LeetCode Problem 721

Difficulty: 🟔 Medium
Topics: Array, Hash Table, String, Depth-First Search, Breadth-First Search, Union-Find, Sorting

Solution

Problem Understanding

This problem asks us to merge user accounts based on shared email addresses. Each account is represented as a list of strings. The first string is the user's name, and every remaining string is an email address associated with that account.

The important detail is that two accounts belong to the same person if they share at least one email address. This relationship is transitive. For example, if Account A shares an email with Account B, and Account B shares an email with Account C, then all three accounts belong to the same person, even if A and C do not directly share an email.

The output should group all connected accounts together. Each merged account must contain:

  1. The person's name
  2. All unique emails belonging to that person
  3. Emails sorted lexicographically

The order of the final merged accounts does not matter.
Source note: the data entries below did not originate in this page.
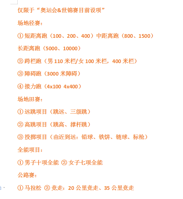 田径运动包括跑、跳、投、竞走以及由上述部分项目组合而成的全能项目。比赛一般将田径赛事分为场地赛与公路赛,场地赛包含田赛项目(以跳与投为主),径赛项目(以跑为主),以及全能项目(男子十项、女子七项)。公路赛则由路跑项目(以马拉松为代表)和竞走项目组成。以巴黎奥运会为例,田径比赛就有40多项呢!如图: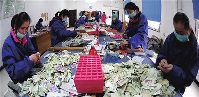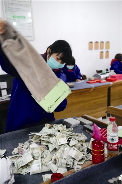 “用‘数钱数到手抽筋’形容她们的工作,一点不夸张。”送记者离开时,周经理这样评价她的同事们。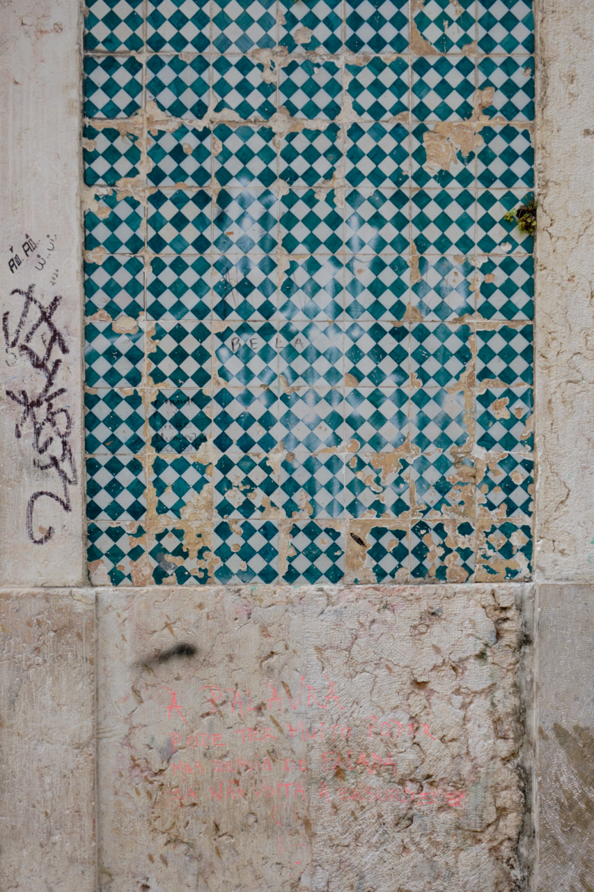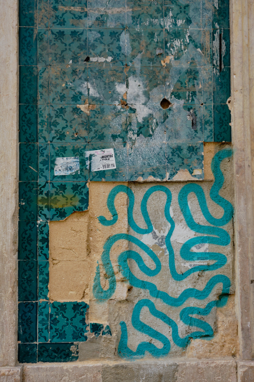 Es ist wirklich erstaunlich, wie sehr uns das Licht beeinflusst und wie sehr es uns guttut. An Lissabon hat mich vor allem das weiche, helle Licht bezaubert. Selbst nachts spürt man, dass die Stadt hell ist. Deine Bilder wirken sehr üppig und man sieht sehr deutlich, wie groß die Sehnsucht nach dem Süden ist. Das ist faszinierend zu sehen, wie Gedanken die Bilder mitgestalten. Für heute sind meine Bilder etwas konkreter. Ich habe so viele Muster fotografiert, meistens Hauswände mit Kacheln, dazu kommen Aufkleber, Kritzeleien, Verkabelungen u.Ä.. Ich überlege Zeichnungen dazu anzufertigen. Muster interessieren mich eigentlich immer...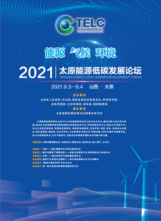 太原能源低碳发展论坛是2016年经国务院批准设立的专业化论坛,截至目前已成功举办四届,逐步成为能源领域具有国际影响力的高端对话平台、科技成果发布平台、国际合作对接平台。论坛立足新发展阶段,贯彻新发展理念,构建新发展格局,坚持开拓、创新、务实、高效的办会理念,强化国家级、国际性、专业化特色,为全面落实中国2030年碳达峰、2060年碳中和战略目标,助力全球能源革命,应对气候变化,加强生态环境保护国际合作贡献中国力量。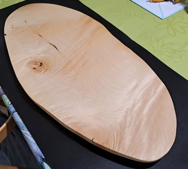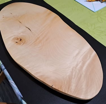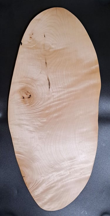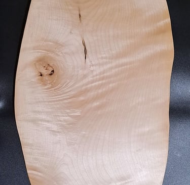 Pladenj iz lesa javorja. Ta kos ima izjemno lepe naravne lastnosti. Skoraj 3d učinek. Razpoke polnjene s črno epoksi smolo. Zaključeno z oljem in voskom.
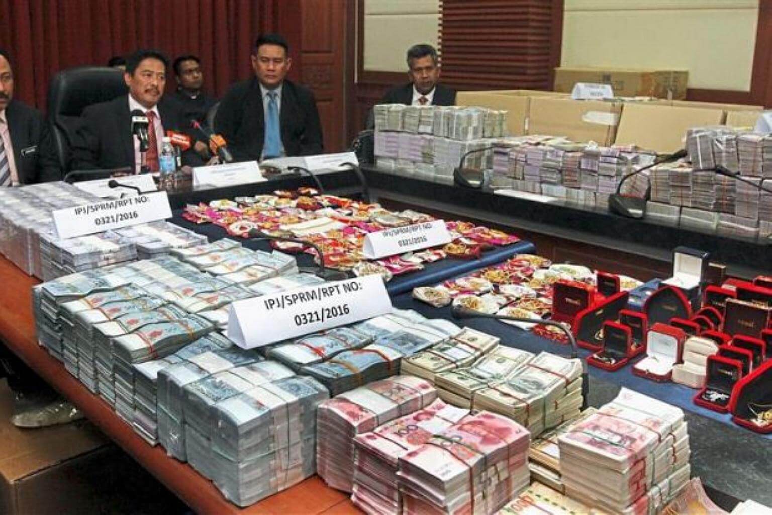 Cash and jewellery seized during the raid were displayed at a press conference in Kota Kinabalu.

The constraints are relatively small:

  • At most 1000 accounts
  • Each account contains at most 10 strings
  • Email strings are short

Even though the constraints are not massive, a naive comparison between every pair of accounts can still become inefficient because we may repeatedly scan overlapping email lists.

A key observation is that accounts form connected components. Each email can be viewed as a node in a graph, and accounts connect emails together. Once we identify connected groups of emails, we can reconstruct merged accounts.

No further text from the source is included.